What this task involves: Copy the data below exactly, but not the pictures it contains.

Exercise data:
● ● ● ● ●

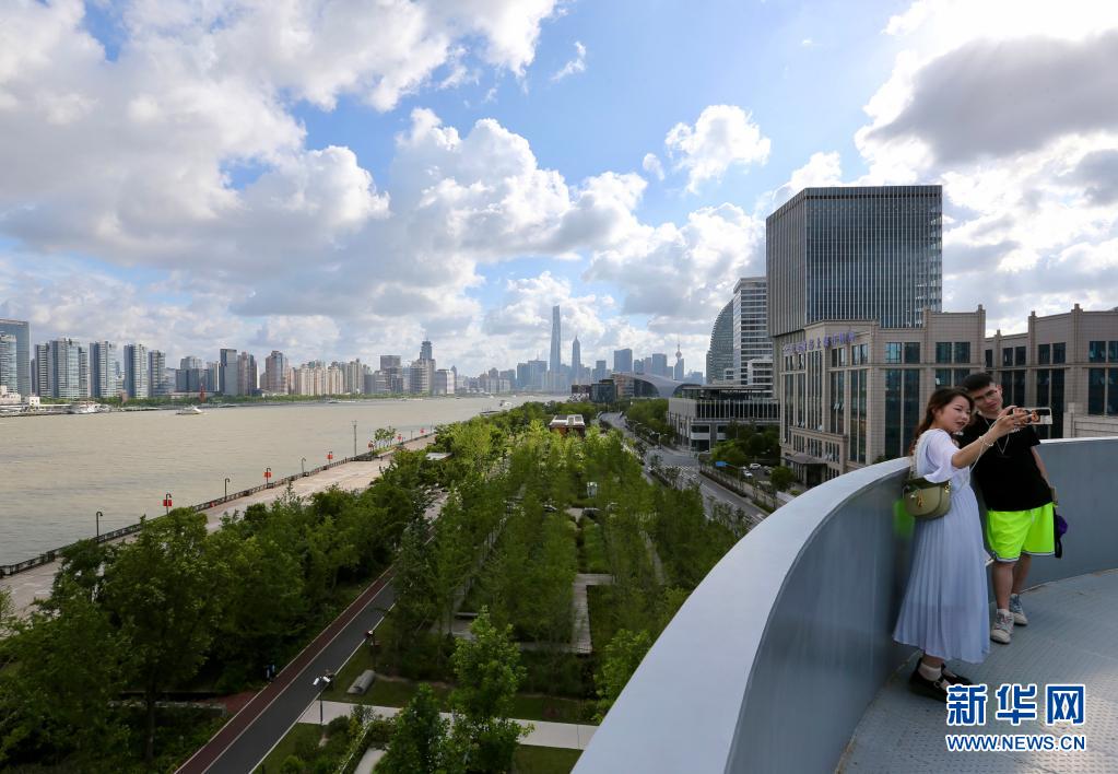 7月23日,游客在上海杨浦滨江“绿之丘”拍照。新华社记者 耿馨宁 摄
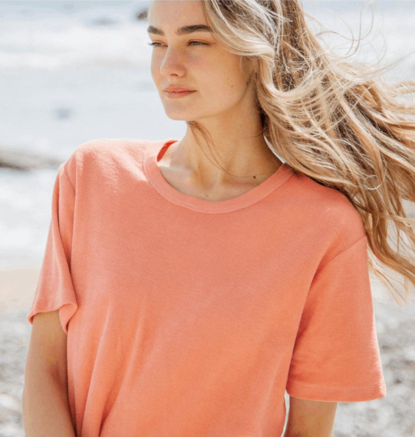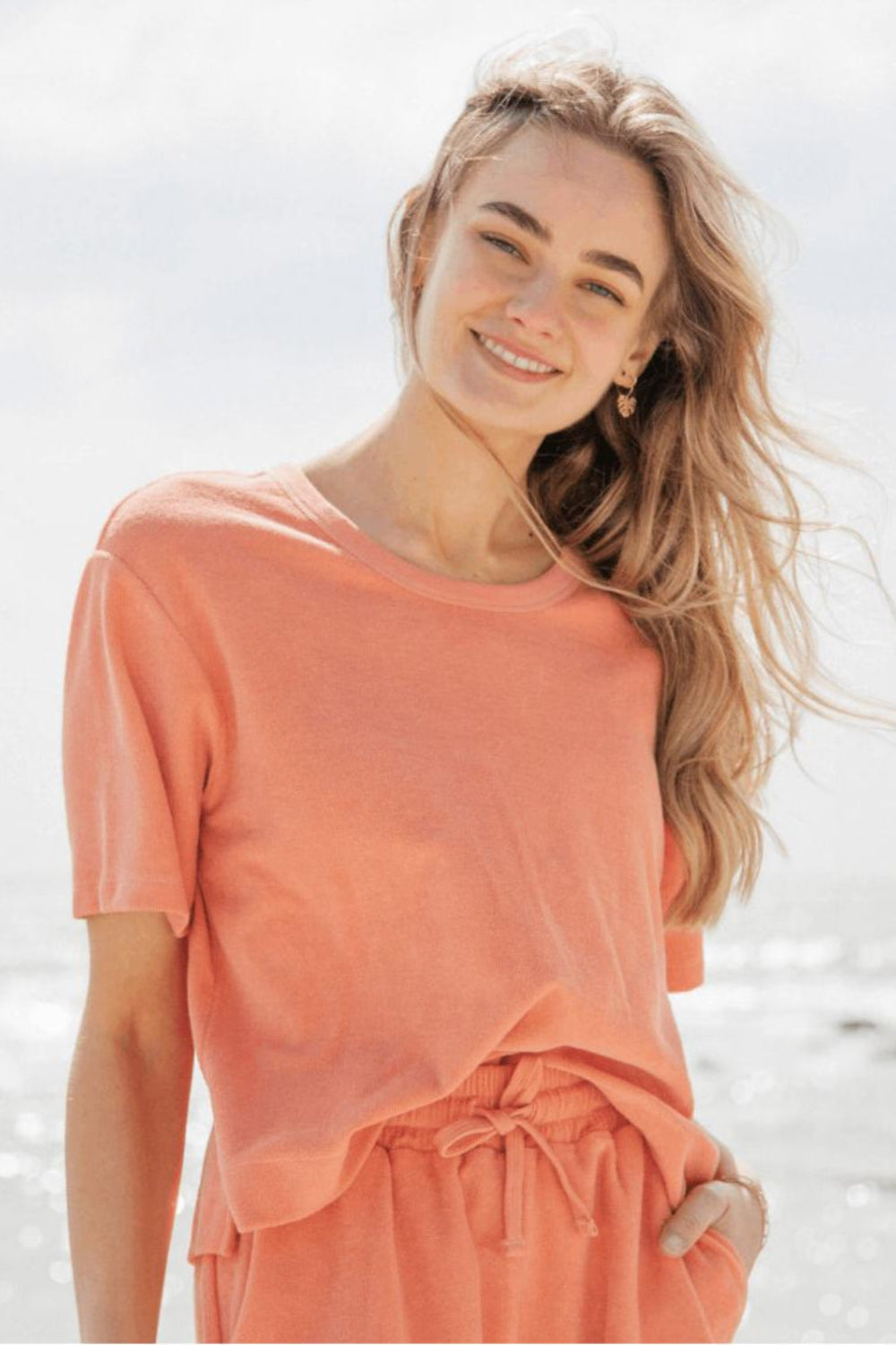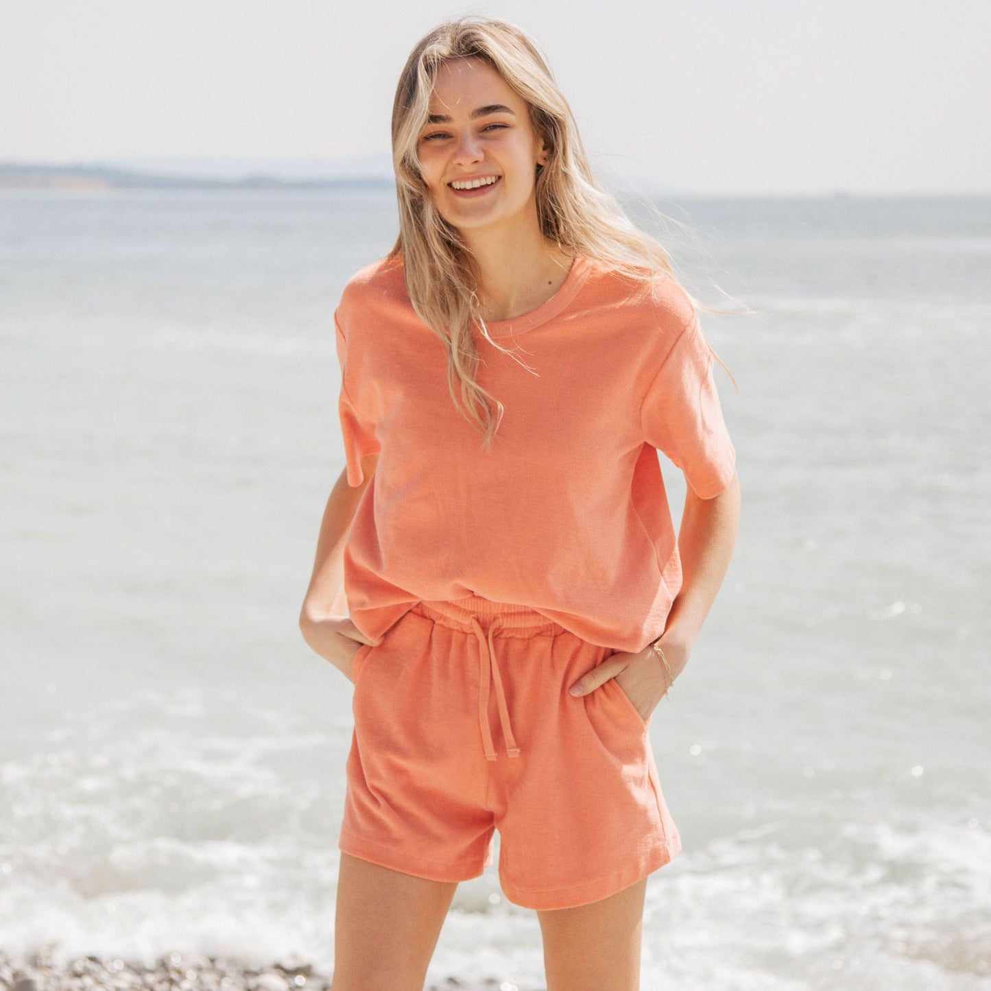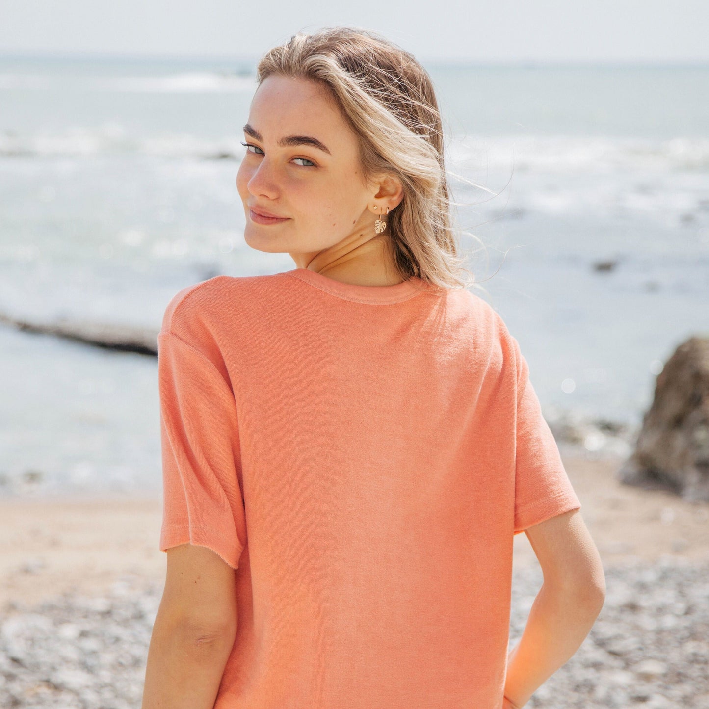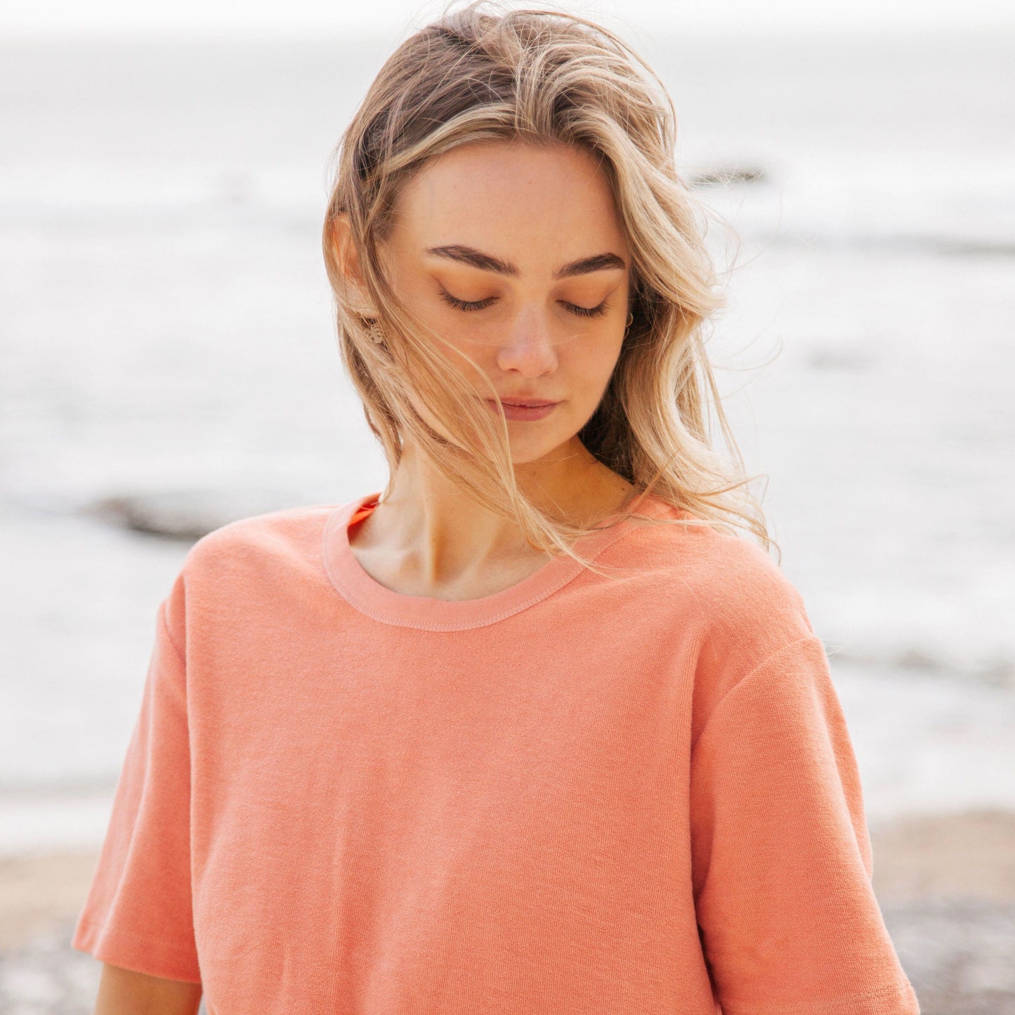 Our Women's Towelling T-Shirt combines soft organic cotton with coastal comfort. Perfect for post-swim coverage or everyday wear, this towelling top features a relaxed fit and breathable fabric in a beautiful coral shade. The lightweight towel t-shirt transitions effortlessly from beach days to casual outings, making it a versatile addition to your sustainable wardrobe. Made with care from eco-conscious materials, this towelling tee embodies our commitment to quality and planet-friendly fashion.
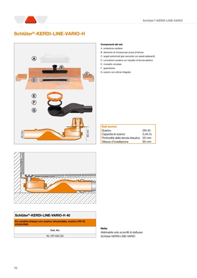 kit canalina lineare con scarico sinusoidale, scarico DN 40

● ● ● ● ●

Your response:
 7月23日,游客在上海杨浦滨江“绿之丘”拍照。新华社记者 耿馨宁 摄
 Our Women's Towelling T-Shirt combines soft organic cotton with coastal comfort. Perfect for post-swim coverage or everyday wear, this towelling top features a relaxed fit and breathable fabric in a beautiful coral shade. The lightweight towel t-shirt transitions effortlessly from beach days to casual outings, making it a versatile addition to your sustainable wardrobe. Made with care from eco-conscious materials, this towelling tee embodies our commitment to quality and planet-friendly fashion.
 kit canalina lineare con scarico sinusoidale, scarico DN 40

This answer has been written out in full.